By Mónica Hernández
No, this is not a misleading headline. For years it has been said and maintained that women want gender equality and it is not true. We want equal opportunities, equal pay, equal rights. We do not want to be the gender we are not and will not be. Women are born the way we are: diverse. There is variety in skin color, hair color, height and body shape. There is also diversity in thought, ideology, goals and dreams. Let's not even talk about sexual diversity because that is already (or should be if it is not already) an intimate issue and is not even up for debate and should not be mentioned. Because let's be honest, what the hell do we care about who sleeps with whom? And if anyone around here cares, I advise you to seek specialized help.
Gender was for many centuries the word used to denote a thing, an object: gender was a cloth, a spice, a crate of books, a commodity. Any physical product that could be bought and/or sold. After a certain time, genre became a kind of adjective, a classification to group similar things: genre of jokes, genre of literature, genre of species. As usually happens in times of science, biology took over the word gender and its meaning, dividing it into feminine or masculine. It is then that in the 19th century gender began to be generalized only as an identifier of females or males, of nuts and bolts. Thus the simplification. Thus simplicity.

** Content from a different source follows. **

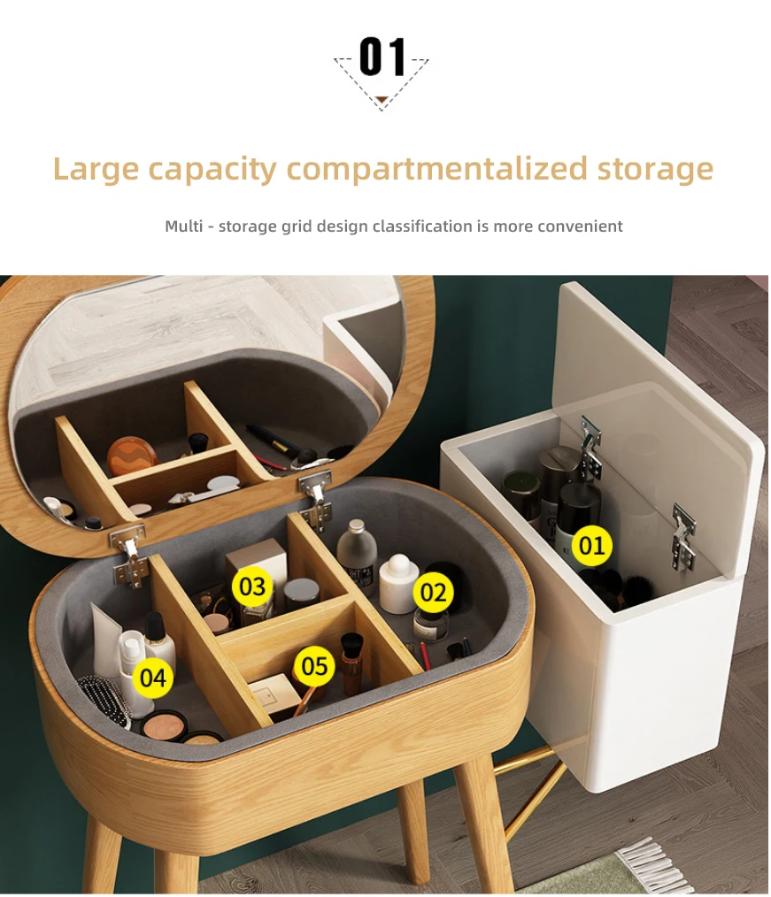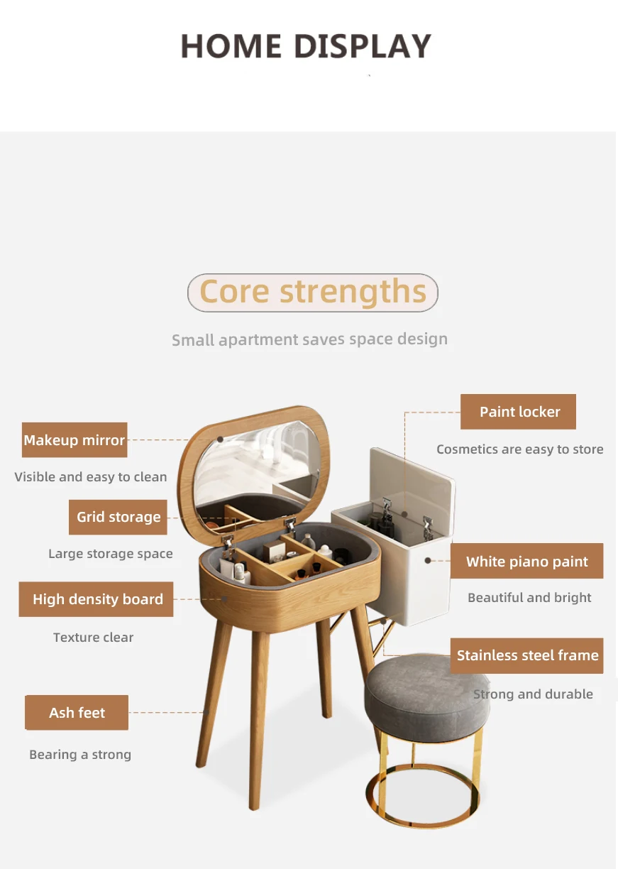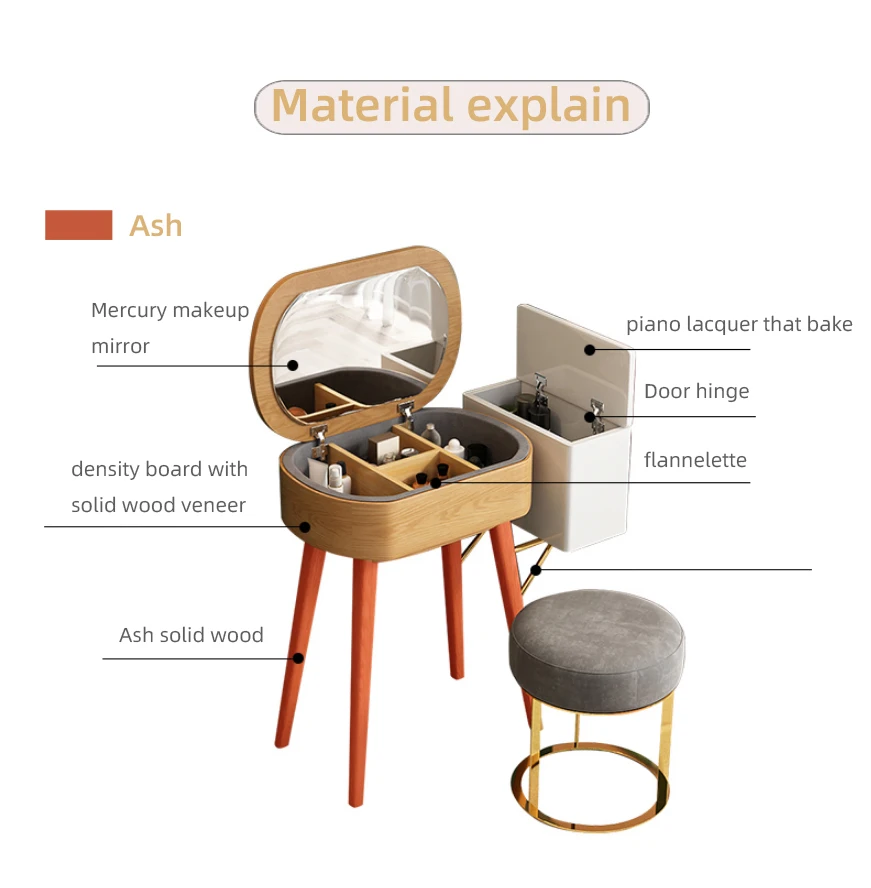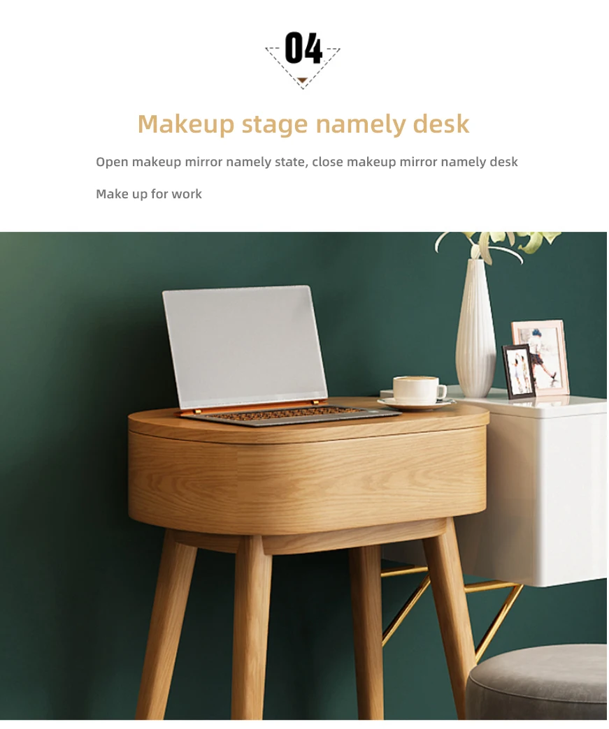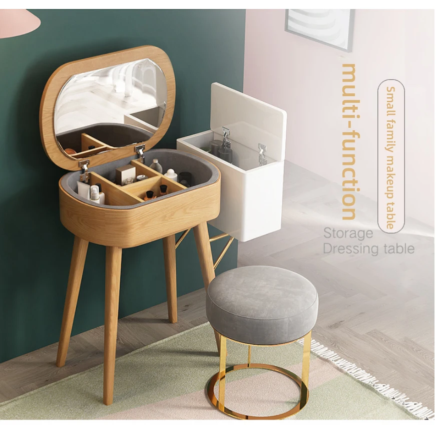 Nordic small dresser bedroom simple solid wood storage makeup table mini flip makeup table
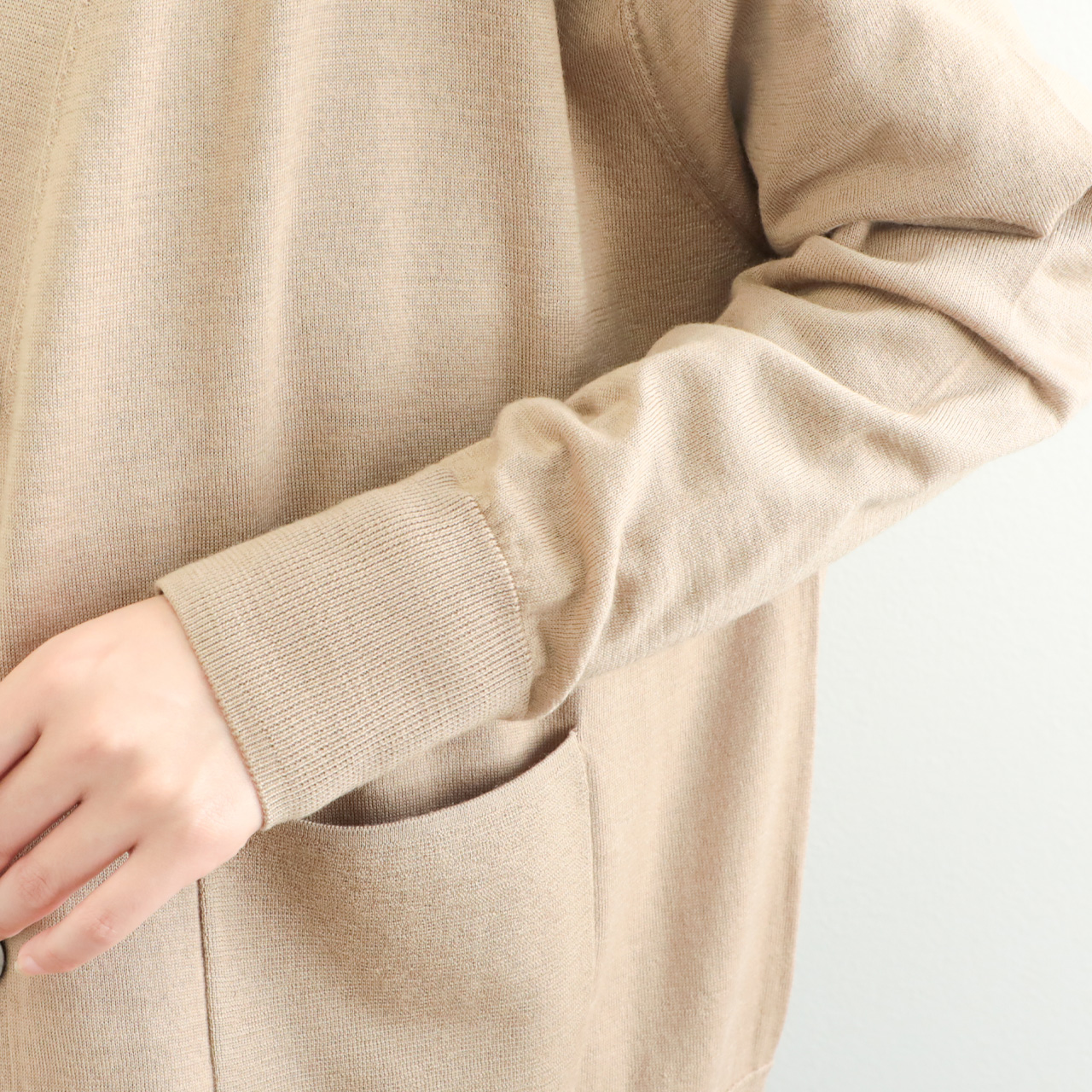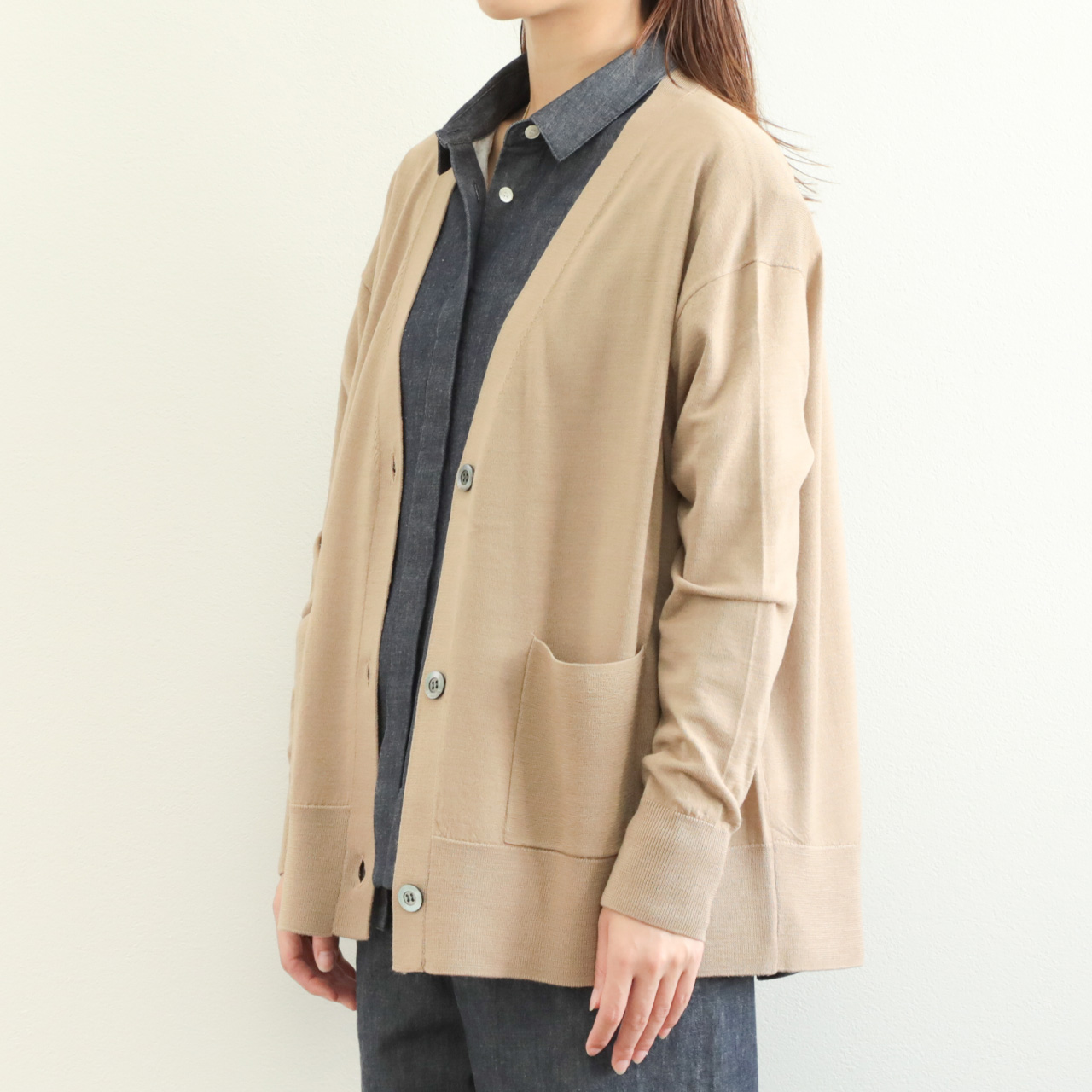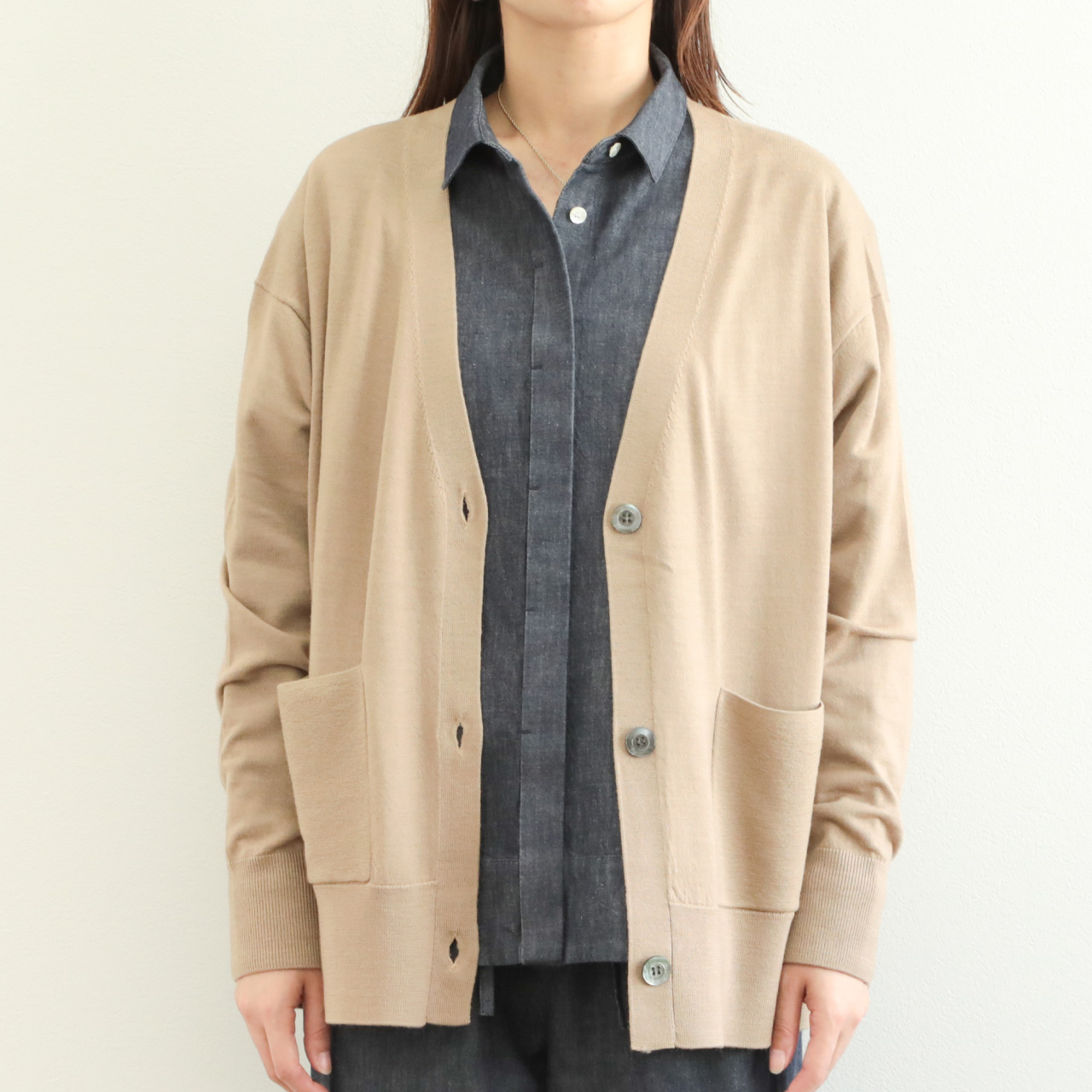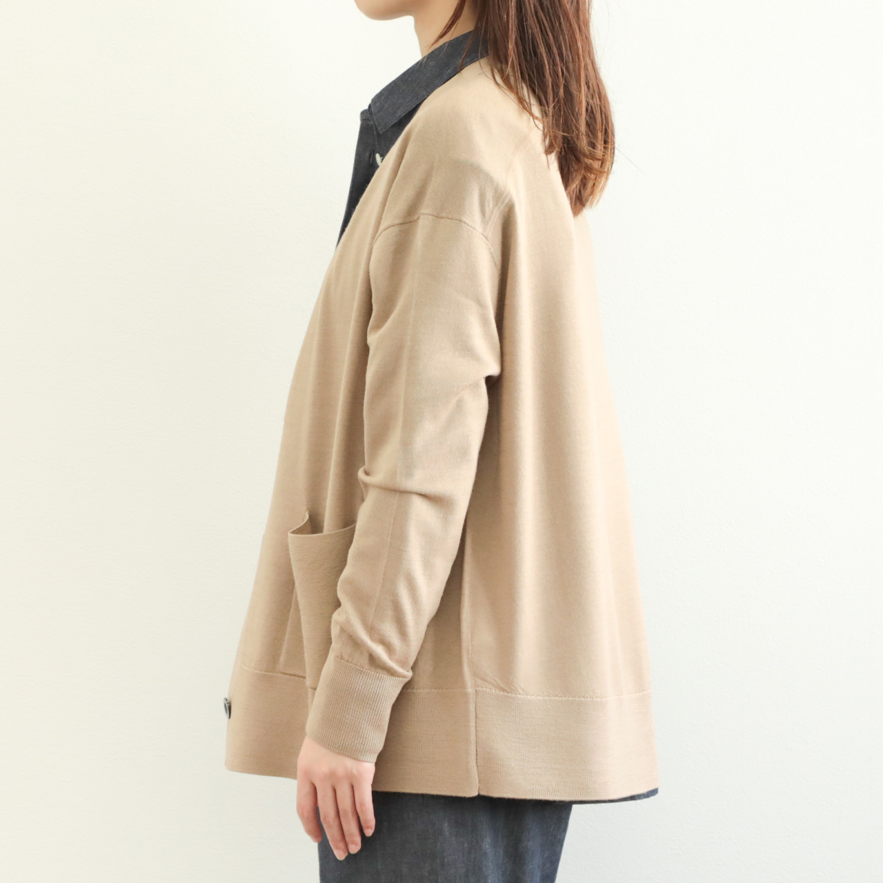 drawell ドロウェル カーディガン Vネック ニット バックフレア ウール 16ゲージ ハイゲージ 4-2-DW-48 キャメル

Also in the 19th century a French philosopher (Charles Fourier) decided to describe feminism as the movement of a group of women seeking gender equality. False. False as hell. There is, as far as I know, no woman who wants to be equal to a man, unless we are talking about jobs, salaries, opportunities, schedules, objectives, goals, dreams. Some women prefer to dress in suits, shirts and even ties. Maybe flat shoes (which are very comfortable). That does not equalize them with men. It will equalize (if anything) the dress, but nothing more. And that is if we do not take into account that the female hip, recipient of a womb with a womb option, is higher and wider than their male counterparts. In short, the so-called "pull" in the pants must necessarily be higher, wearing more fabric. As an anecdote, the complaint of my colleagues in a soft drink bottling company, who had to wear pants cut for men, because it had never occurred to them that a different pattern was needed for the pants of the pre-saleswomen and saleswomen. So they had to wear one that fit underneath to look uniform (with the consequent unexplained genito-urinary infections that this attracted for years).